One study that compared NTRU with both elliptic-curve cryptography and RSA was conducted by researchers at Katholieke Universiteit Leuven In Belgium. “Comparing NTRU to other cryptosystems like RSA and ECC shows that NTRU, at a high security level, is much faster than RSA (around five orders of magnitude) and ECC (around three orders of magnitude),” the researchers said.

Juels argues that the RSA algorithm and cryptosystem, which dates to the 1970s, is a more “mature” public-key crypto technology, having been found to work securely in a time-tested way for many applications.

“NTRU hasn’t received a lot of scrutiny,” Juels says.
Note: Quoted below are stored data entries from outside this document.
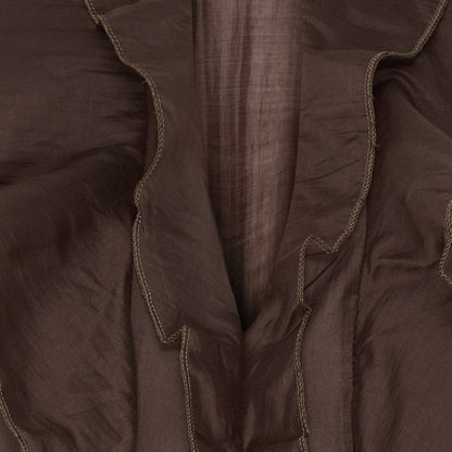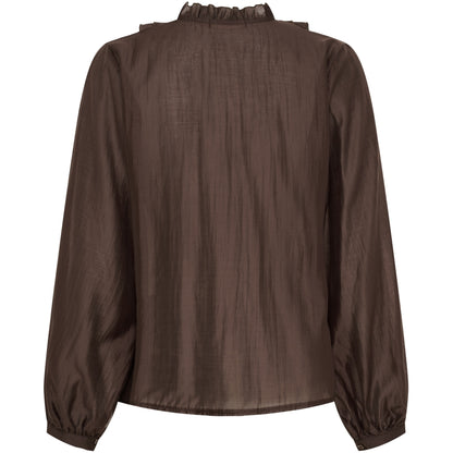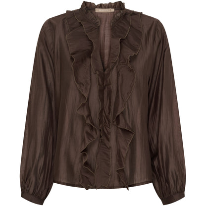 Elegant, mørkebrun bluse fra Marta du Château med fine flæser ned langs forsiden. Materialet er lettere transparent, så du får et let og fint look. Style til sorte bukser eller en nederdel.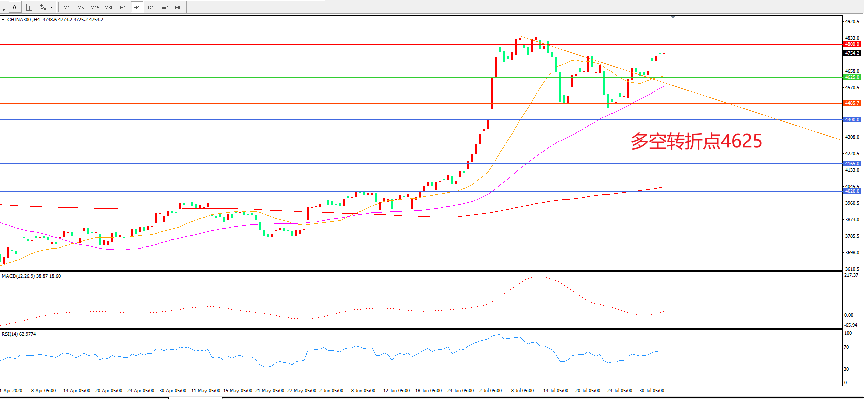4小时图看,沪深300延续高位震荡,十字星收盘表明多空博弈胶着,三角形整理突破后,短期走势偏强,4800成为上方阻力,均线系统拐头向上, MACD红柱缩短,RSI指标走平,日内延续震荡概率较大。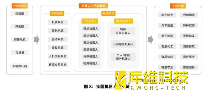 機(jī)器人產(chǎn)業(yè)鏈主要分為上游核心零部件研發(fā)與生產(chǎn)、中游本體制造和系統(tǒng)集成,以及下游各行各業(yè)的具體應(yīng)用等三方面: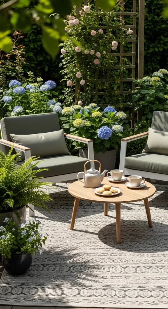 Outdoor rugs define seating zones. They add comfort without building walls.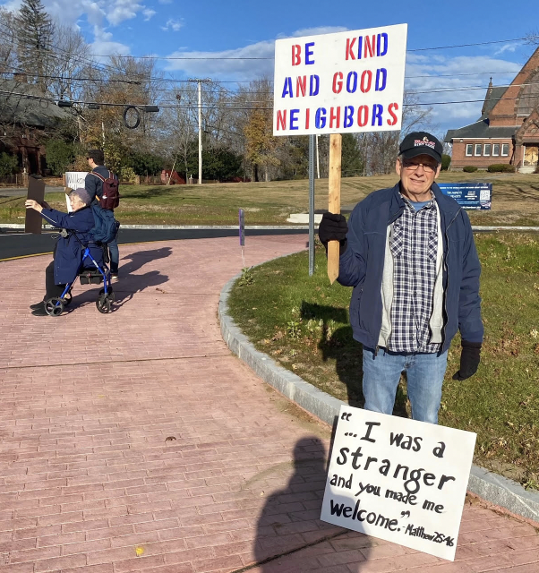 “We’ve had some cold days and some wet days, but it’s just an hour,” he said. “And people drive by and honk or give us a thumbs up. The first Saturday we were out here someone brought us coffee and others stopped to take photos to show their congregation. Every week so many people slow down to shout out a thank you. It has helped me realize that there are many more kind and generous people in Gardner than there are close-minded and mean ones.”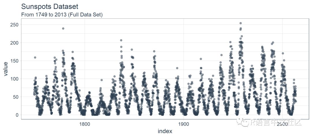 数据集 sunspot.month 随 R 一起发布,可以轻易获得。它是一个 ts 类对象(非 tidy 类),所以我们将使用 timetk 中的 tk_tbl() 函数转换为 tidy 数据集。我们使用这个函数而不是来自 tibble 的 as.tibble(),用来自动将时间序列索引保存为zoo yearmon 索引。最后,我们将使用 lubridate::as_date()(使用 tidyquant 时加载)将 zoo 索引转换为日期,然后转换为 tbl_time 对象以使时间序列操作起来更容易。
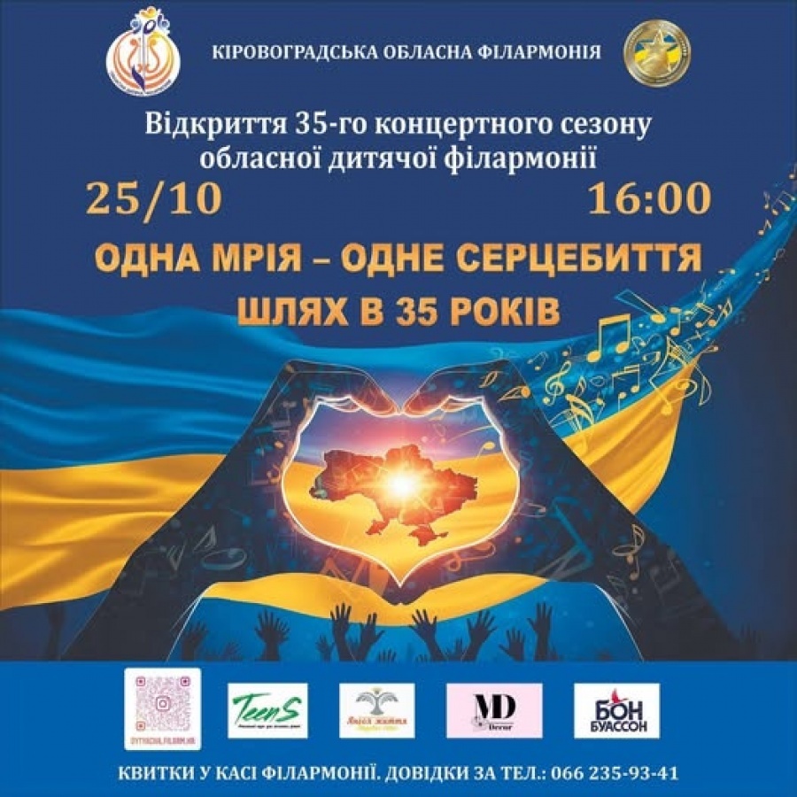Незважаючи на це, обласна дитяча філармонія відкриває 35-й концертний сезон красивою, насиченою патріотичною програмою, у якій братимуть участь найталановитіші діти міста. Колективи Кіровоградського обласного ЦДЮТ: народний художній хореографічний ансамбль «Час пік», народний хореографічний ансамбль «Росинка», народний художній колектив студія вокального мистецтва «Антарес», а також народний художній колектив України, театр танцю «В гостях у казки», народний художній колектив України хореографічний ансамбль «Надія», народний хореографічний ансамбль «Пролісок». КЗ «Центральноукраїнський науковий ліцей-інтернат Кіровоградської обласної ради», народний художній колектив студія естрадної дитячої пісні "Вікторія" Кіровоградського обласного ЦДЮТ, зразковий хореографічний ансамбль «Олена», зразковий аматорський колектив студія хореографічного мистецтва «Авангард» БК ПАТ НВП «Радій», учні музичної школи №1 ім.Г.Г.Нейгауза м.Кропивницького, КЗ "Музичної школи №2 ім. Ю.С.Мейтуса м.Кропивницького", Музичної школи №3 м.Кропивницького, Музичної школи №4 м.Кропивницького, Дитячої школи мистецтв м.Кропивницького та солісти обласної філармонії.

Adams fires back that NTRU may be more resistant over time to attack than RSA because NTRU is constructed in what crypto researchers call a “lattice” framework. He claims this type of lattice design makes it more resistant than an algorithm like RSA to so-called quantum-computing attacks. Scientists are continually evaluating the processing power of cutting-edge quantum computers to determine whether it is possible to break public-key cryptosystems through them.

“A quantum bit assumes multiple values simultaneously and can explore a massive key length,” Juels acknowledges. “A quantum computer, if successfully built, would compromise the RSA algorithm and elliptic curve. But it’s unclear if it’s feasible to construct such a machine.”

While such hazy futuristic concerns about public-key systems may worry scientists, it’s clear that NTRU has not gained the kind of widespread use in practical applications that RSA has.

Adams does cite a few examples, saying satellite-services provider EchoSat is using NTRU in IP-based payment processing related to Citgo gas stations. Adams also says he is engaged in discussions with Microsoft, McAfee and Symantec on how they might use NTRU in applications such as auto-updates, though no announcements on that score have been made. NTRU may gain more interest from industry later this year if Security Innovation pursues plans to make NTRU available in an open-source model later this summer.